ChatGPT-4.0 performs well on the image-independent American College of Radiology Diagnostic In-Training Exam (ACR DXIT) practice questions, a study presented November 29 at the RSNA 2023 annual meeting found.
Presenter Christopher Kaufmann, MD, from the University of Texas at Austin talked about results from his team’s comparative study of large language models, which showed that ChatGPT-4.0 achieved the highest scores.
“The results demonstrate the powerful efficiency and improving accuracy of evolving publicly available AI tools when applied to the radiology-specific domain,” Kaufmann said.
Large language AI models such as ChatGPT and Google Bard have become an area of interest for radiologists within the past year. Previous studies have examined these models and their clinical utility in clinical- and patient-facing settings. However, Kaufmann pointed out that radiologists need to know the output accuracy, relevance, and reliability of these models before determining their clinical utility by specific domain.
Kaufmann and colleagues compared the latest publicly accessible large language models across multiple subspecialty areas of radiology.
They used ACR DXIT practice test question set from 2022, specifically image-independent questions that were distributed across various radiology disciplines. The team also used three publicly available large language model platforms: ChatGPT 3.5 & 4.0, Google Bard, and Windows BingChat.

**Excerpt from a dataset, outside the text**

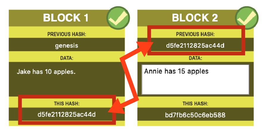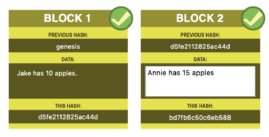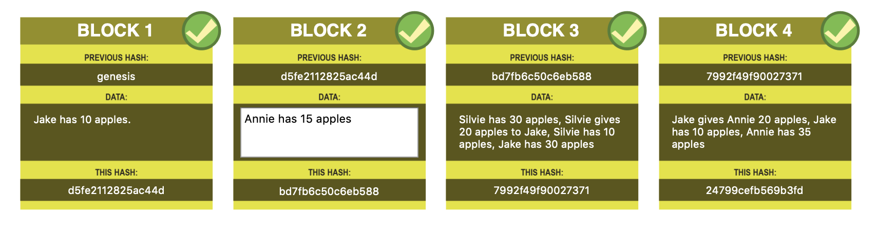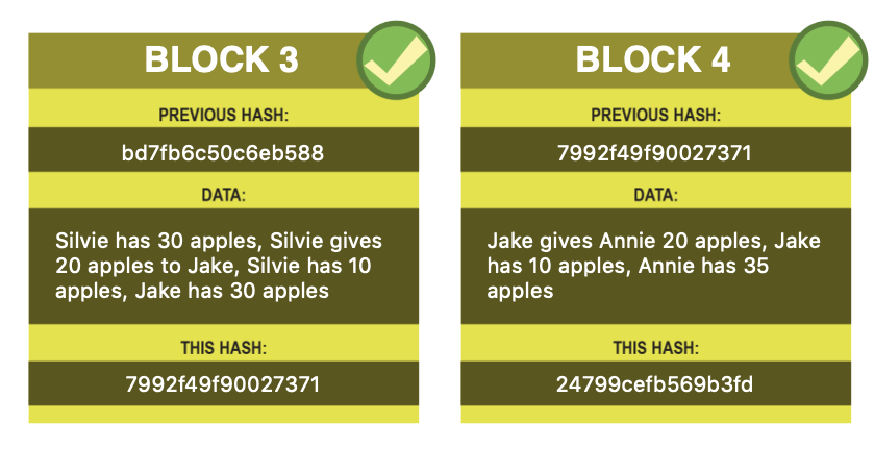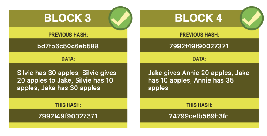 Here is a chain with 4 blocks. Each block is an update to the previous block’s information - a snapshot in time order. In this case, a ledger of apple ownership.
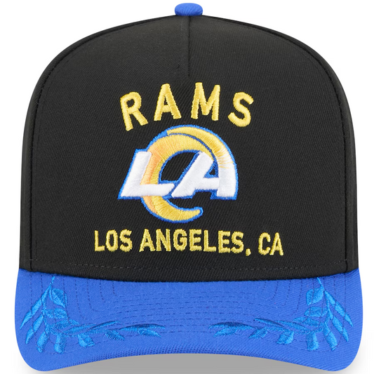 LOS ANGELES RAMS 2025 NFL DRAFT 9FIFTY A-FRAME SNAPBACK HAT - BLACK/BLUE

The questions were entered into the AI interface in their original text format.
In total, the team included 42 ACR DXIT questions in the study. The group found that ChatGPT 4.0 answered 90.5% correctly (n = 38), while ChatGPT 3.5 answered 79% of questions correctly (n = 33).
The researchers also found that despite GPT-4.0’s overall advantage, two previously correct responses using GPT-3.5 were outputted incorrectly using GPT4.
Meanwhile, Google Bard answered 71% correctly in which all three draft responses were correct (n = 30). Bard also had partially correct responses in 14% of outputs (n = 6). Finally, the team found that BingChat performed the lowest with 60% correct (n = 25).
Kaufmann said these results demonstrate how it’s important to determine the radiology-domain specific performance and output reliability of large language models for potential use in practices. He added that it’s important to continuously monitor updates to these models and how they impact their performance on such exams.
“With their rapid evolution, up-to-date accuracy and trustworthiness of AI technologies will remain key criteria for their ultimate clinical adoption and specific uses in practice,” Kaufmann said.
He concluded that future studies should include radiology-specific inputs on validated data and specialty-specific benchmarking among other needs.